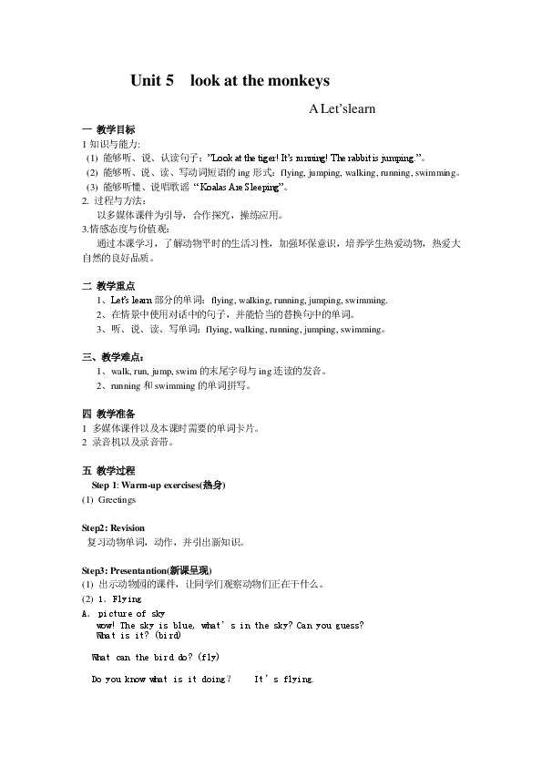 1、Let’s learn部分的单某某:flying, walking, running, jumping, swimming.
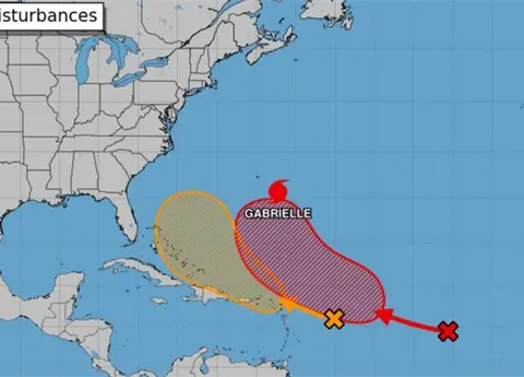 De acuerdo con el NHC, se espera que Gabrielle mantenga su desplazamiento hacia el norte durante este lunes y que el martes gire con mayor velocidad hacia el noreste o este-noreste.
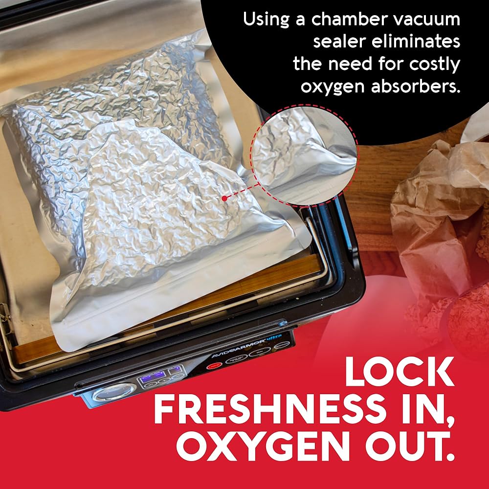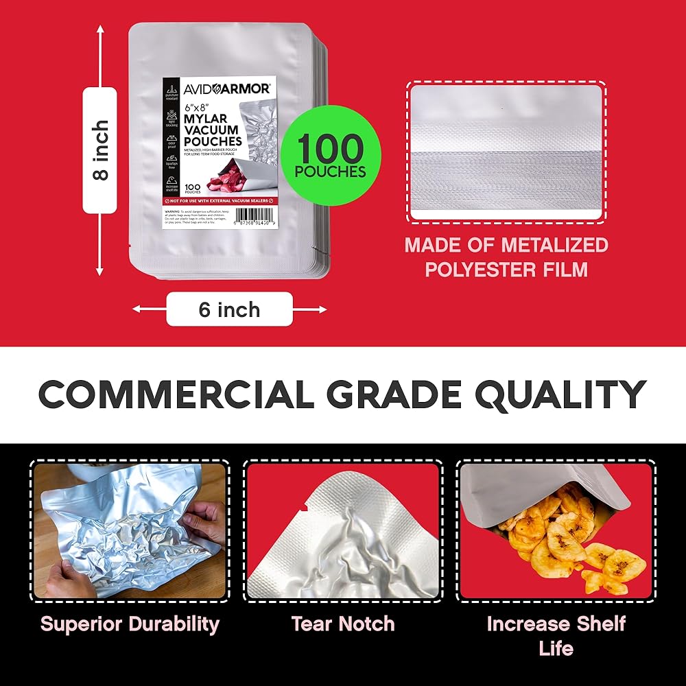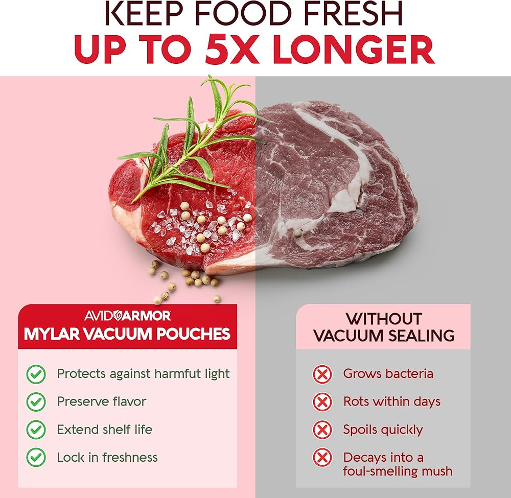 Revolutionize Your Food Preservation with Avid Armor's Cutting-Edge Mylar Chamber Vacuum Pouches! Discover the Next-Level Solution for Long-Lasting Food Storage: Avid Armor's NEW Mylar Chamber Vacuum Pouches. Specifically engineered to complement all Avid Armor chamber vacuum sealers, these innovative pouches provide an unmatched level of security that can extend your food's shelf life for an astonishing 20-30 years! Defend Your Food with our strongest Armor yet. The ultimate blend of poly nylon and metalized foil to shield your food from the harmful effects of light, moisture, oxygen, and odor. Engineered to withstand punctures and prevent bag failure, these exceptional pouches guarantee ultimate protection and extend your food's shelf life for decades. Rest assured, our bags are BPA/BPS free, ensuring your food stays safe and fresh. Unlock the Triple Threat: Save, Preserve, & Prepare Unleash the incredible benefits of vacuum-sealed mylar bags and watch your savings soar! By dramatically reducing food waste, you can potentially save hundreds of dollars every year. Never worry about food shortages again as you plan and store for weeks, months, or even years ahead. Secure your family's future with an ample supply of nourishment. No More Oxygen Absorbers Required! Bid farewell to costly and cumbersome oxygen absorbers. Harnessing the power of advanced vacuum sealing technology, our mylar bags create a permanent airtight seal, effectively eliminating the need for oxygen absorbers. Say hello to hassle-free food storage! Why Mylar? Understanding the Distinction: Mylar vs. Regular Vacuum Seal Pouches. Mylar pouches, made of metalized polyester film, provide excellent barrier properties against moisture, oxygen, and light. They are durable, opaque or metallic in appearance, and commonly used for long-term dry food storage. On the other hand, regular vacuum seal pouches, woven from multilayer plastics, offer an affordable alternative with reliable barrier properties.

*HOW TO COMPLETE THIS TASK:* Write the listing above out again exactly, but not the images it holds.

*THE COMPLETED TASK:*
 1、Let’s learn部分的单某某:flying, walking, running, jumping, swimming.
 De acuerdo con el NHC, se espera que Gabrielle mantenga su desplazamiento hacia el norte durante este lunes y que el martes gire con mayor velocidad hacia el noreste o este-noreste.
 Revolutionize Your Food Preservation with Avid Armor's Cutting-Edge Mylar Chamber Vacuum Pouches! Discover the Next-Level Solution for Long-Lasting Food Storage: Avid Armor's NEW Mylar Chamber Vacuum Pouches. Specifically engineered to complement all Avid Armor chamber vacuum sealers, these innovative pouches provide an unmatched level of security that can extend your food's shelf life for an astonishing 20-30 years! Defend Your Food with our strongest Armor yet. The ultimate blend of poly nylon and metalized foil to shield your food from the harmful effects of light, moisture, oxygen, and odor. Engineered to withstand punctures and prevent bag failure, these exceptional pouches guarantee ultimate protection and extend your food's shelf life for decades. Rest assured, our bags are BPA/BPS free, ensuring your food stays safe and fresh. Unlock the Triple Threat: Save, Preserve, & Prepare Unleash the incredible benefits of vacuum-sealed mylar bags and watch your savings soar! By dramatically reducing food waste, you can potentially save hundreds of dollars every year. Never worry about food shortages again as you plan and store for weeks, months, or even years ahead. Secure your family's future with an ample supply of nourishment. No More Oxygen Absorbers Required! Bid farewell to costly and cumbersome oxygen absorbers. Harnessing the power of advanced vacuum sealing technology, our mylar bags create a permanent airtight seal, effectively eliminating the need for oxygen absorbers. Say hello to hassle-free food storage! Why Mylar? Understanding the Distinction: Mylar vs. Regular Vacuum Seal Pouches. Mylar pouches, made of metalized polyester film, provide excellent barrier properties against moisture, oxygen, and light. They are durable, opaque or metallic in appearance, and commonly used for long-term dry food storage. On the other hand, regular vacuum seal pouches, woven from multilayer plastics, offer an affordable alternative with reliable barrier properties.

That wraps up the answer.